I would like to encourage you to take a look at PCPM’s work and support our actions.

I encourage you to visit the website pcpm.org.pl/sudan as Sudan is currently a humanitarian catastrophe.

Why shouldn’t we forget about countries as far away as Sudan?

I know that everyone is focused on Ukraine, on the situation in Gaza, and rightly so, but the world has not seen such a huge number of people displaced from their homes and this type of crime for a long time.

And one example is that during the civil war in Sudan, around 300,000 civilians were killed, which is the same number as those killed in Gaza, so these are conflicts that are comparable in many ways.

We cannot ignore these types of conflicts like the one in Sudan, because Africa has already seen ignored civil wars that have led to absolutely catastrophic cases.

From 1978 to 2003, there was a civil war in what was then Zaire, now called the Democratic Republic of Congo. Many viewers in Europe have probably never even heard of this war.

However, the result of this five-year war was over 5 million civilian deaths.
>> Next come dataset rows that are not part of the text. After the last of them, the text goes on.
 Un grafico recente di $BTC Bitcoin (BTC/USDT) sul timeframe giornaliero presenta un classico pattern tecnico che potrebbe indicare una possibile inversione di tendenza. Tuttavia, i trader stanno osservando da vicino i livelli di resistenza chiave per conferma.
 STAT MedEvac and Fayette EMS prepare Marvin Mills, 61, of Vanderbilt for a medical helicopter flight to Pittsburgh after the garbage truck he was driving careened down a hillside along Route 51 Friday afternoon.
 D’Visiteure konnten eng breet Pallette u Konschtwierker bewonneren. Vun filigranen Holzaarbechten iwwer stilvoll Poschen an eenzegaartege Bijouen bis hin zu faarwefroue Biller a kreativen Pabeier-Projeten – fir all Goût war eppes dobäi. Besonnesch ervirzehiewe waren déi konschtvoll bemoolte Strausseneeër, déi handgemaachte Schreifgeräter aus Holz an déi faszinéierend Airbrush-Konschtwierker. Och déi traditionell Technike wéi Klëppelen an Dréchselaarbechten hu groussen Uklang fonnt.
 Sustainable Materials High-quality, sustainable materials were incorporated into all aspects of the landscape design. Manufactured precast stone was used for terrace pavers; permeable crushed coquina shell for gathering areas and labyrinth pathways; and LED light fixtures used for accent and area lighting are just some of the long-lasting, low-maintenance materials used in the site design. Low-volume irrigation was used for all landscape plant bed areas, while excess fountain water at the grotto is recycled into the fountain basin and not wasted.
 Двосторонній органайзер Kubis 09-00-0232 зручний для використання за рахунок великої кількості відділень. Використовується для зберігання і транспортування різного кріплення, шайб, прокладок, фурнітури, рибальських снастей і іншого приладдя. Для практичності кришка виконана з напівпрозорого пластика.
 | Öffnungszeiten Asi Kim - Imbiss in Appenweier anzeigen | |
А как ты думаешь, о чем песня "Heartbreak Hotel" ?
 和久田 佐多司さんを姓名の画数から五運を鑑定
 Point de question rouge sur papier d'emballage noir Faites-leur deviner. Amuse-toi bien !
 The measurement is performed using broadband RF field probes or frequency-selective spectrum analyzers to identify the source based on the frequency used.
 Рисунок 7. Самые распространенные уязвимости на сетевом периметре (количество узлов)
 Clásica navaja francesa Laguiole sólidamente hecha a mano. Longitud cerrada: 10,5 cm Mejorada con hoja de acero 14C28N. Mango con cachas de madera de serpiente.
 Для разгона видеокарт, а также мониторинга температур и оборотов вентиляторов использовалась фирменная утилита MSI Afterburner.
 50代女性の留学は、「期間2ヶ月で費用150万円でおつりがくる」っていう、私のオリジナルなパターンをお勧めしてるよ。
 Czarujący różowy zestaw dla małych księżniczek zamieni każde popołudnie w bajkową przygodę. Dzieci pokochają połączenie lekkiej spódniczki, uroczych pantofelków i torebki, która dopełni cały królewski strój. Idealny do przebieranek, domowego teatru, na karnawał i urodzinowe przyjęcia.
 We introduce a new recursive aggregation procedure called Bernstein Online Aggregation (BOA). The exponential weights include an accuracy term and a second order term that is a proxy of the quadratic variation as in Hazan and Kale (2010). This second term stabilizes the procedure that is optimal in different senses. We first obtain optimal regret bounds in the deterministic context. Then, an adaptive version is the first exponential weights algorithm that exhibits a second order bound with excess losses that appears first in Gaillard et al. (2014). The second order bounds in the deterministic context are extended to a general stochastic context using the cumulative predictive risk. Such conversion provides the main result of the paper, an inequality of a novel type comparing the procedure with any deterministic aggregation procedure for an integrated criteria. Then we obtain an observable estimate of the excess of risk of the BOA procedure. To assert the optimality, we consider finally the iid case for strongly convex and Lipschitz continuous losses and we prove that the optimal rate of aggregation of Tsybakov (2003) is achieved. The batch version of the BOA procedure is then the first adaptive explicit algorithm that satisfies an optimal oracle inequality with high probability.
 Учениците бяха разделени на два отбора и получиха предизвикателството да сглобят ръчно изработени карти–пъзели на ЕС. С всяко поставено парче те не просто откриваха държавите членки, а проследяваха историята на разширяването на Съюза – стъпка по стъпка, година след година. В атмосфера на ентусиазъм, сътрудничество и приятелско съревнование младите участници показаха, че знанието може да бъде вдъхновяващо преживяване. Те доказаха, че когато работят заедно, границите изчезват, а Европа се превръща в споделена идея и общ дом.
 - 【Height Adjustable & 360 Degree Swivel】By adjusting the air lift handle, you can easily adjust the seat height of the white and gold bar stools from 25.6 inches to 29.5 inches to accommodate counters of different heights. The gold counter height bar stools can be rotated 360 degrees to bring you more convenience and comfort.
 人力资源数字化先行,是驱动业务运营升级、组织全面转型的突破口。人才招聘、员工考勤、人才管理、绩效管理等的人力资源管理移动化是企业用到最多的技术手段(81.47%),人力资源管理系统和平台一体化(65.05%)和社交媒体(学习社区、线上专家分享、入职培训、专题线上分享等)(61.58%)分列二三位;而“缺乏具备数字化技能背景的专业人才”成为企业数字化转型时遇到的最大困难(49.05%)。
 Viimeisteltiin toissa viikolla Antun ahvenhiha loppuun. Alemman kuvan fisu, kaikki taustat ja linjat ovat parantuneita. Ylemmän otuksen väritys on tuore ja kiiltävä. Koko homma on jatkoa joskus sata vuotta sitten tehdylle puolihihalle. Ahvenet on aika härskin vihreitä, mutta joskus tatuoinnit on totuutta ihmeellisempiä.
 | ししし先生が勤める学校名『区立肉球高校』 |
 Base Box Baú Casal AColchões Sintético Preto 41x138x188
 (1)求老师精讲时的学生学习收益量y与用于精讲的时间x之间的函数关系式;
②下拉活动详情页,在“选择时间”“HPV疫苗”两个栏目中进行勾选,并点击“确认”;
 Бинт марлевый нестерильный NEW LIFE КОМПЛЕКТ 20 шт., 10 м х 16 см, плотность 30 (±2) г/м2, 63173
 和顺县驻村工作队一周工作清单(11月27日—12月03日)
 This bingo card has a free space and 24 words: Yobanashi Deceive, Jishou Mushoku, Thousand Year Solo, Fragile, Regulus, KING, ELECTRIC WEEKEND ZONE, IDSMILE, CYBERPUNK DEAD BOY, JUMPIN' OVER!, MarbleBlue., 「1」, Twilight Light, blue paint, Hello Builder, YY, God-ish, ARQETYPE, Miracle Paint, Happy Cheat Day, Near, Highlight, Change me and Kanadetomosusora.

Of course, these were people who died mainly due to lack of access to healthcare or hunger. However, these types of consequences threaten to occur in the case of forgotten wars, and for now the conflict in Sudan is a forgotten war. Through our presence on the border with Sudan, we will also be able, I hope, to remind people of these challenges. Not only because they may one day pose a threat to Europe, but above all because the people there really need our help.